■ TASK ITEM ■
From the material below, return exactly the lines starting at the one that holds "Turns out, the" and ending at the one that holds "Funkčná a moderná". Pictures stay out of the answer.

= Beginning of Section =

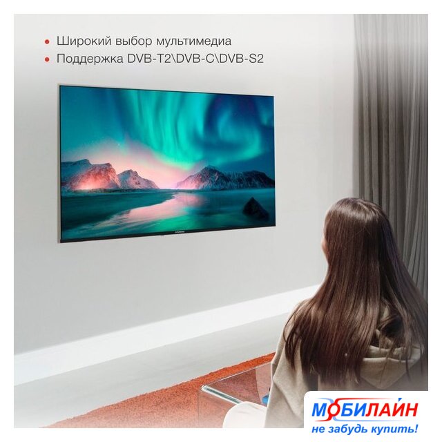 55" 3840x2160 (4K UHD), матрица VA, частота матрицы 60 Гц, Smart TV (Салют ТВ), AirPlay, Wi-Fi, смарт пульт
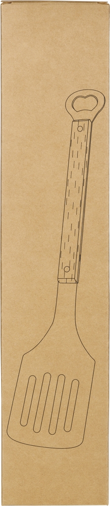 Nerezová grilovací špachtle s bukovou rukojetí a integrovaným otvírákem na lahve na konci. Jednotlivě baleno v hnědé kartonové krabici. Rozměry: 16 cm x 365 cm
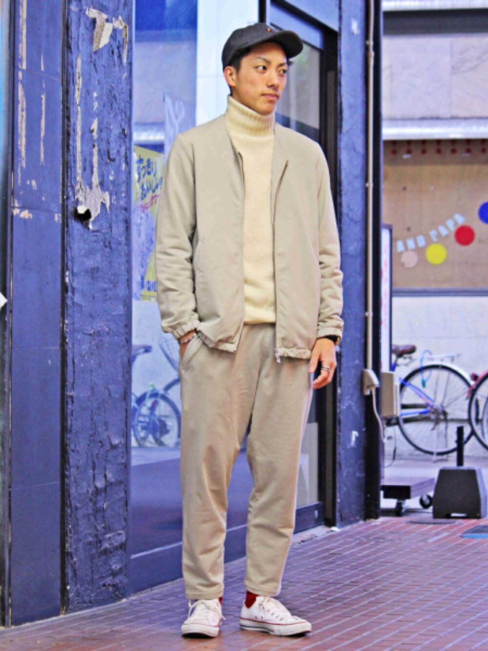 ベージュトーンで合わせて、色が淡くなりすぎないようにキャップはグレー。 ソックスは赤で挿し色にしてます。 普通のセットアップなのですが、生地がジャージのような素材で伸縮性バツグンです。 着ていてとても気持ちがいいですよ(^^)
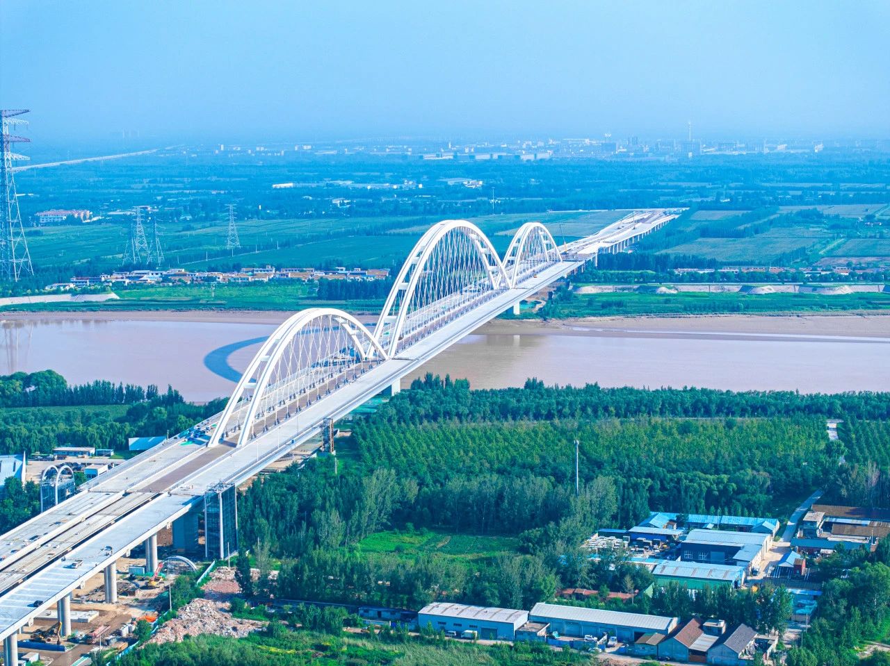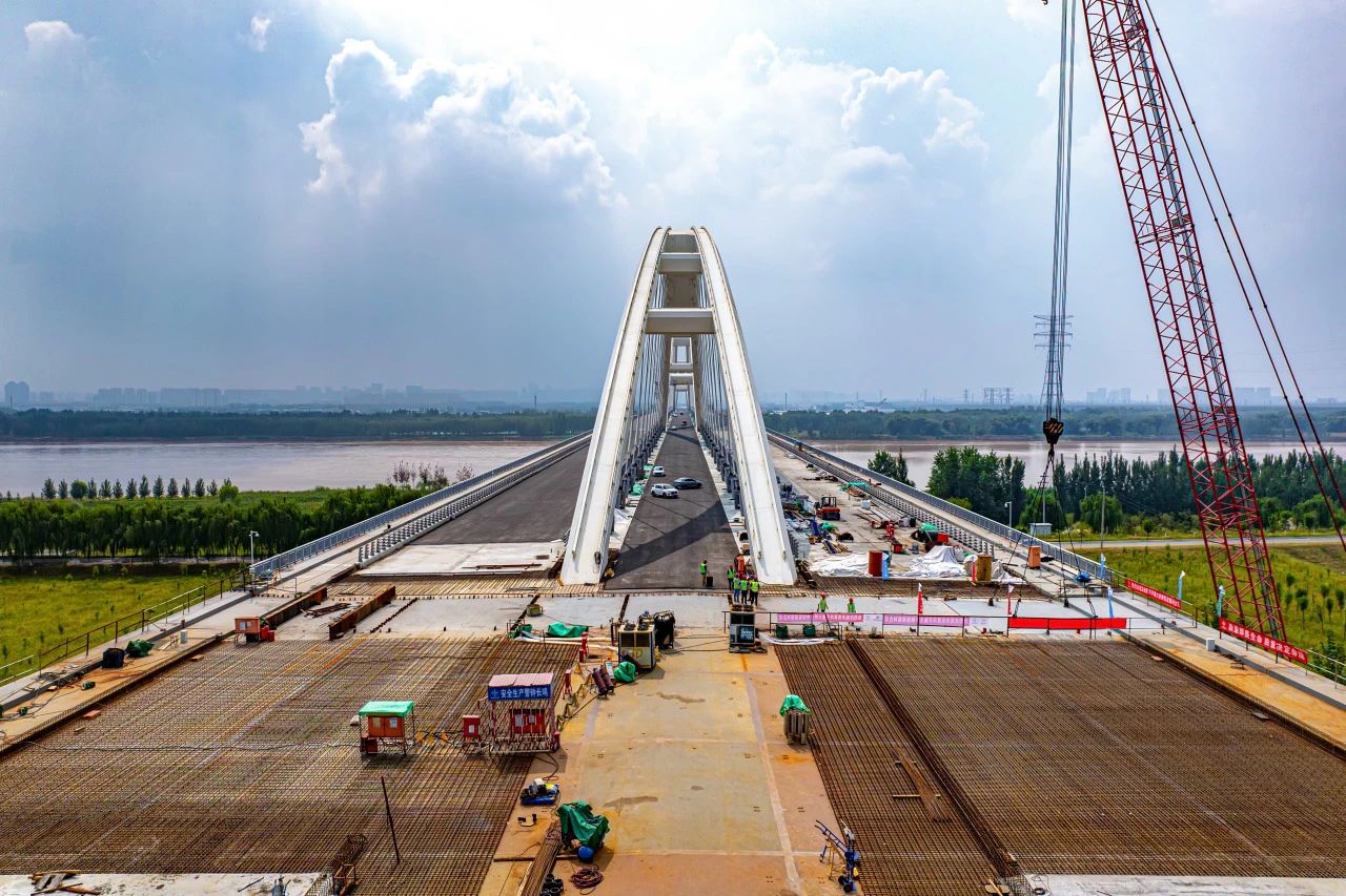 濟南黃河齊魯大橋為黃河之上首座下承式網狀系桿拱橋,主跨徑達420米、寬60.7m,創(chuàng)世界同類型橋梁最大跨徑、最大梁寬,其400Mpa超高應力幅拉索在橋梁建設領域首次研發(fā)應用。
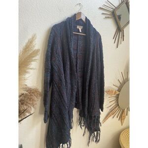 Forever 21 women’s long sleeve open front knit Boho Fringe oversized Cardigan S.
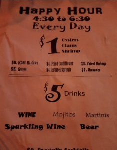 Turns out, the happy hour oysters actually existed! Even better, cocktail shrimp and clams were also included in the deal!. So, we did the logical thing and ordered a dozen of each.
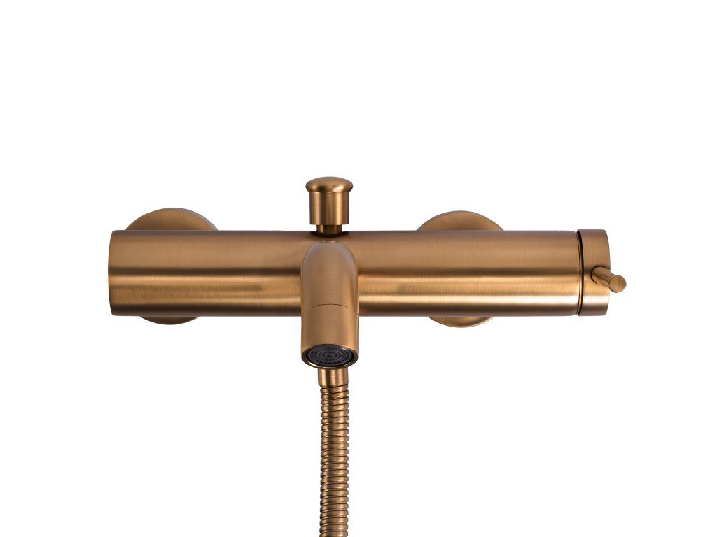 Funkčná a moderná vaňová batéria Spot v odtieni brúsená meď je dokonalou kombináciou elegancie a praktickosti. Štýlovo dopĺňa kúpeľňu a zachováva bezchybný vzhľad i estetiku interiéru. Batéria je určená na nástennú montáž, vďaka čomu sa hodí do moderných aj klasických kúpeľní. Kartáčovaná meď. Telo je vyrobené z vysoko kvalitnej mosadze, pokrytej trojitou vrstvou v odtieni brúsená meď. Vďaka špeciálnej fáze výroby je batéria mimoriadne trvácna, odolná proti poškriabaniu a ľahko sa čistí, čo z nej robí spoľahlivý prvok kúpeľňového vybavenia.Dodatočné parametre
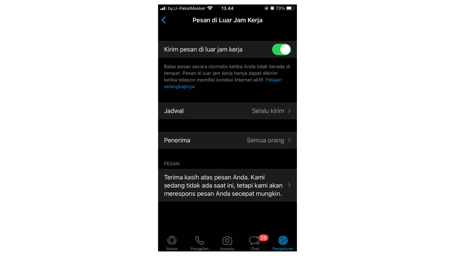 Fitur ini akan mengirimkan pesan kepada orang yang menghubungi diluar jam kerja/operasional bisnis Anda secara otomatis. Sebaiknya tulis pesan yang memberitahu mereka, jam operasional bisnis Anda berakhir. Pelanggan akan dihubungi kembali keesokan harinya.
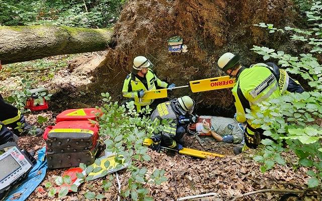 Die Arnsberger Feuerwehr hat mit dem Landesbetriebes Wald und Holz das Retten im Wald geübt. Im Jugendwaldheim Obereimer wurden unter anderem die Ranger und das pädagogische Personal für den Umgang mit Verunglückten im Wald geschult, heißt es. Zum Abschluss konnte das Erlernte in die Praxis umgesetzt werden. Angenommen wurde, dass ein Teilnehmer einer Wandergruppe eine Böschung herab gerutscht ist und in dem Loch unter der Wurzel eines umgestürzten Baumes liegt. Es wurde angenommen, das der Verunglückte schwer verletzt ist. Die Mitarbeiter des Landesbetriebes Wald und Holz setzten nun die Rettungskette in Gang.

= End of Section =

■ OUTPUT FOR THIS TASK ■
 Turns out, the happy hour oysters actually existed! Even better, cocktail shrimp and clams were also included in the deal!. So, we did the logical thing and ordered a dozen of each.
 Funkčná a moderná vaňová batéria Spot v odtieni brúsená meď je dokonalou kombináciou elegancie a praktickosti. Štýlovo dopĺňa kúpeľňu a zachováva bezchybný vzhľad i estetiku interiéru. Batéria je určená na nástennú montáž, vďaka čomu sa hodí do moderných aj klasických kúpeľní. Kartáčovaná meď. Telo je vyrobené z vysoko kvalitnej mosadze, pokrytej trojitou vrstvou v odtieni brúsená meď. Vďaka špeciálnej fáze výroby je batéria mimoriadne trvácna, odolná proti poškriabaniu a ľahko sa čistí, čo z nej robí spoľahlivý prvok kúpeľňového vybavenia.Dodatočné parametre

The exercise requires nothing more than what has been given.